▶ _TASK STATEMENT_: Print, exactly as written, the line in the entries below that contains "A new entrance" and every line after it up to and including the last. Omit pictures.
* * *
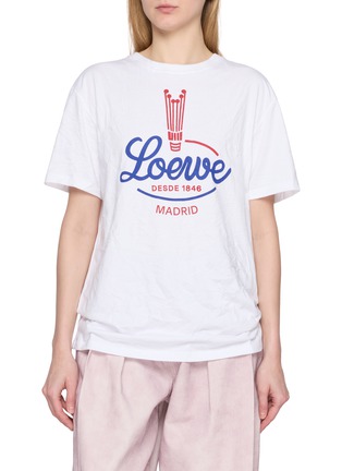 LOEWE presents a classic crewneck T-shirt with a retro-inspired graphic logo for a hint of nostalgia. The relaxed fit silhouette with short sleeves and vintage-style branding delivers effortless elegance, perfect for elevated casual dressing.
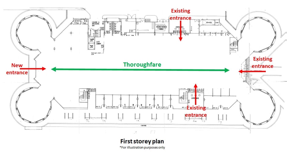 A new entrance will be created on the north side of the building, allowing shoppers to enter from Sims Avenue and Paya Lebar MRT station. This will be linked to an existing entrance on the south side by a thoroughfare.
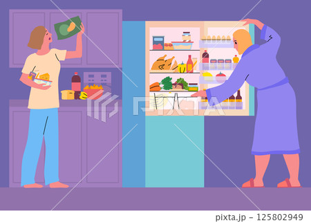 Cartoon Color Characters Guy at Refrigerator and Girl eats Chips Night Snack Concept Flat Design Style. Vector illustration of Late Night Snacking
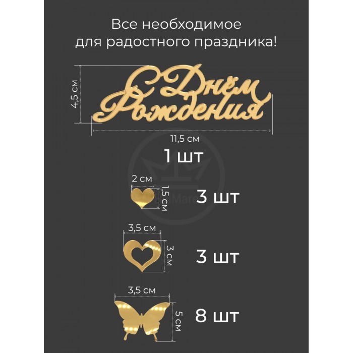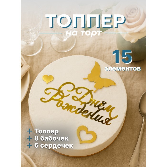 Топпер зеркальный Сднем рождения (Бабочки 8шт, Сердце 3шт), золото 266158
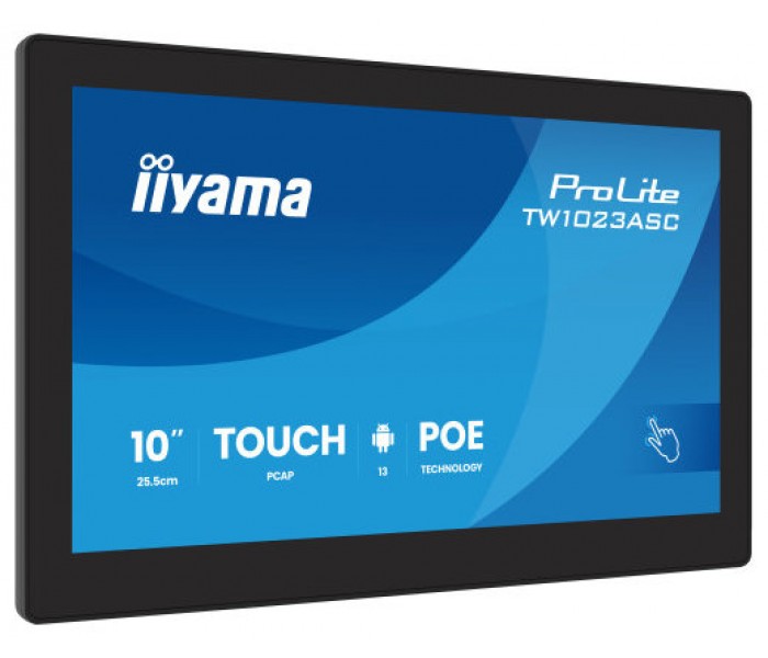IIYAMA 10,1" PANEL-PC WITH ANDROID 13+GMS, SOC QUAD-CORE RK3568 4GB, STORAGE 32GB, PCAP 10-POINTS TOUCH, 1280X800, IPS PANEL, SPEAKERS, POE, WIFI, BT5.2, SD SLOT, HDMI-OUT, 385CD/M², CABLE COVER, IISIGNAGE2 SUPPORTED (TW1023ASC-B3P)
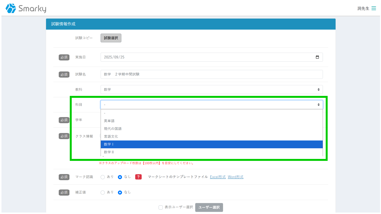⑦登録された科目情報は試験情報画面の「科目」の項目でプルダウン選択ができるようになります。試験に合わせた設定を行ってください。
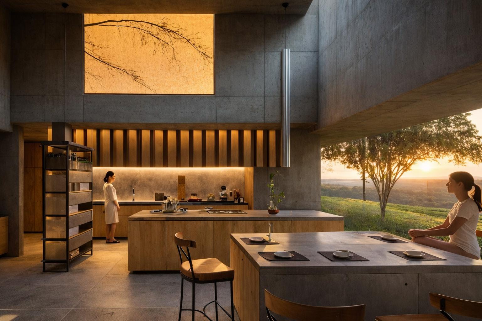 Este proyecto desarrolla una vivienda híbrida para un chef profesional cuya casa funciona simultáneamente como espacio doméstico y como lugar de talleres y degustación gastronómica.
* * *
▶ _EXERCISE SOLUTION_:
 A new entrance will be created on the north side of the building, allowing shoppers to enter from Sims Avenue and Paya Lebar MRT station. This will be linked to an existing entrance on the south side by a thoroughfare.
 Cartoon Color Characters Guy at Refrigerator and Girl eats Chips Night Snack Concept Flat Design Style. Vector illustration of Late Night Snacking
 Топпер зеркальный Сднем рождения (Бабочки 8шт, Сердце 3шт), золото 266158
IIYAMA 10,1" PANEL-PC WITH ANDROID 13+GMS, SOC QUAD-CORE RK3568 4GB, STORAGE 32GB, PCAP 10-POINTS TOUCH, 1280X800, IPS PANEL, SPEAKERS, POE, WIFI, BT5.2, SD SLOT, HDMI-OUT, 385CD/M², CABLE COVER, IISIGNAGE2 SUPPORTED (TW1023ASC-B3P)
⑦登録された科目情報は試験情報画面の「科目」の項目でプルダウン選択ができるようになります。試験に合わせた設定を行ってください。
 Este proyecto desarrolla una vivienda híbrida para un chef profesional cuya casa funciona simultáneamente como espacio doméstico y como lugar de talleres y degustación gastronómica.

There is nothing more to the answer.